We see our own ribbons, our scars, our stories, but how can we use these awareness months/days more as a reminder of our shared humanity?  Some have the gifts of power, influence, or financial capacity, others have knowledge and skills, but we all have heart. I urge us to not wait to see a ribbon or tears to make us act or to even ask the simple question “are you ok?” But, maybe in recognizing our own struggles and our desire for love and comfort, we can remember our call to help one another on this journey.

We have never been the most photogenic family and the photos we have of the four of us as a family are less than a handful. The one below is our last family photo – I’ve felt so strange sharing it. But this photo, yes it shows great pain, it’s not “pretty”, but it’s our life – and buried beneath tense faces and forced smiles are hearts that ache but also contain love that cannot be destroyed, and so I love this, because we were once all physically together, and we will always be together in our hearts.

family photo hospital

kai on the carousel



13 Comments on It’s National __________ Month

  1. Beautifully put! I agree with you, sometimes I wonder why horrible things happen and then I see people reaching out, supporting those around them, loving the down trodden and comforting those who need comfort. Then I am reminded of the love of our Savior for each and every person and how I need to be a little more like him! You, your family, and Kai are beautiful lights of Christ on this earth! Continue to shine, share and love!

  2. Such beautiful thoughts, expressed through your generous heart. Keep sharing please. Your posts serve as reminders of our shared humanity which we often forget in the frenzy of our culture. Grace and peace!

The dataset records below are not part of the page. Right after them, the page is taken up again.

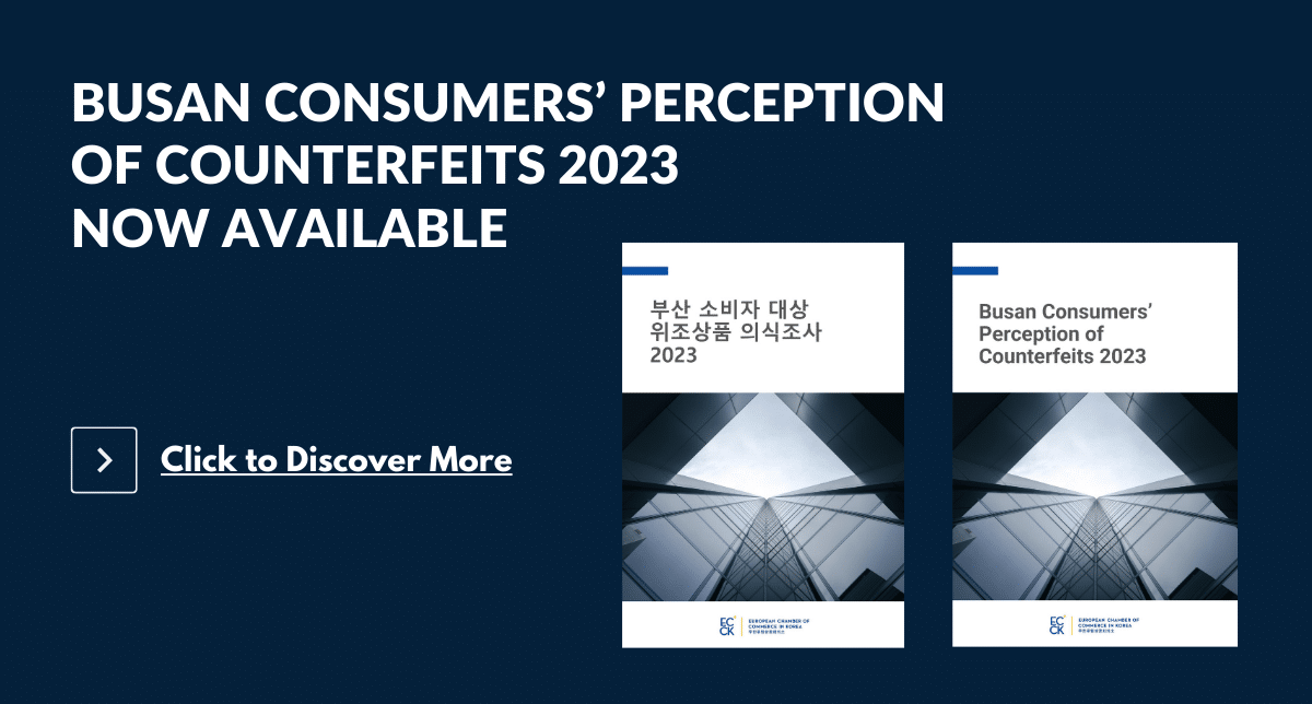 On May 20, 2023, the ECCK participated in the Busan Global Gathering and throughout the event the IPR(Intellectual Property Rights) Committee conducted a campaign to promote the importance of intellectual property. Moreover, the survey was carried out as part of an ongoing campaign and measure the public perception of counterfeits. The survey consisted of 12 questions and was completed by more than 500 people. All survey responses have now been compiled into a report titled “Busan Consumers’ Perception of Counterfeits 2023”. The full report can be found at this LINK.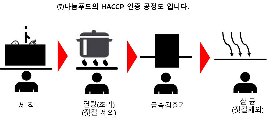 HACCP의 공정에 맞게 철저하게 관리하고 있으며, 금속검출기를 전수 확인하여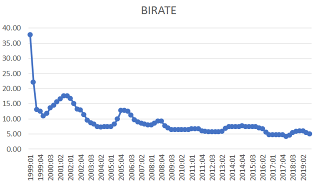 Figure-3. The Growth of BI Interest Rate in the Periode 1999-2019.

  3. I have been thinking of you especially this month. Last weekend I walked in the fundraiser for our area children’s hospital and just thought about all the stories of the kids for whom we walk. You’re absolutely right – we don’t know everyone’s story! And the best way to respond is with kindness and love. I am going to share this post on my blog (if that’s okay).

  4. Hey Aki,

    I realized that I had never told you that after Kai died I wanted to do something to commemorate him. I bought about 10 beautiful children’s books, half in English the others in Spanish, and inside each one I wrote “remembering Kai” and donated them to the library at Children’s Hospital here in Dallas. I remembered that you said Kai loved Thomas the train character and made sure to pick one in English and Spanish about him. I had such a good time reading the children’s books and picking the ones I thought a variety of kids would enjoy. It brought back such a flood of memories of when my own girls were little and how much we loved reading together – how it was a part of our nightly routine, how it transitioned into chapter books and the great conversations it inspired. I remember when they were newborns I would stare into their eyes and wonder how they would look when they were toddlers, and then teens and later adults. Just the other day I saw something about an old lady who was still full of child-like wonder and I thought “this is what Hannah will be like when she’s an old lady” and it’s sad to think that I won’t be around to witness that phase of her life. I am so sorry still that you lost your sweet little boy. I so admire how you have embraced the pain and joy of being his parent and turning that pain and joy into these inspirational expressions of how all of us can embrace the joy and pain in life. Even though we don’t know each other that well, from my heart I can say that I love you Aki.


  5. Thanks for sharing! I think I speak for everyone when I say it’s SO good to see you posting again. Your outlook is just incredible and so encouraging! So selfless to think of others and what they are going through as well! LOVE YOU

  6. A wonderful post Aki. I think of you, Shawn, Kai, and Maya often. It was great to see Shawn this past week in Austin. I’ll continue to keep you guys in my prayers.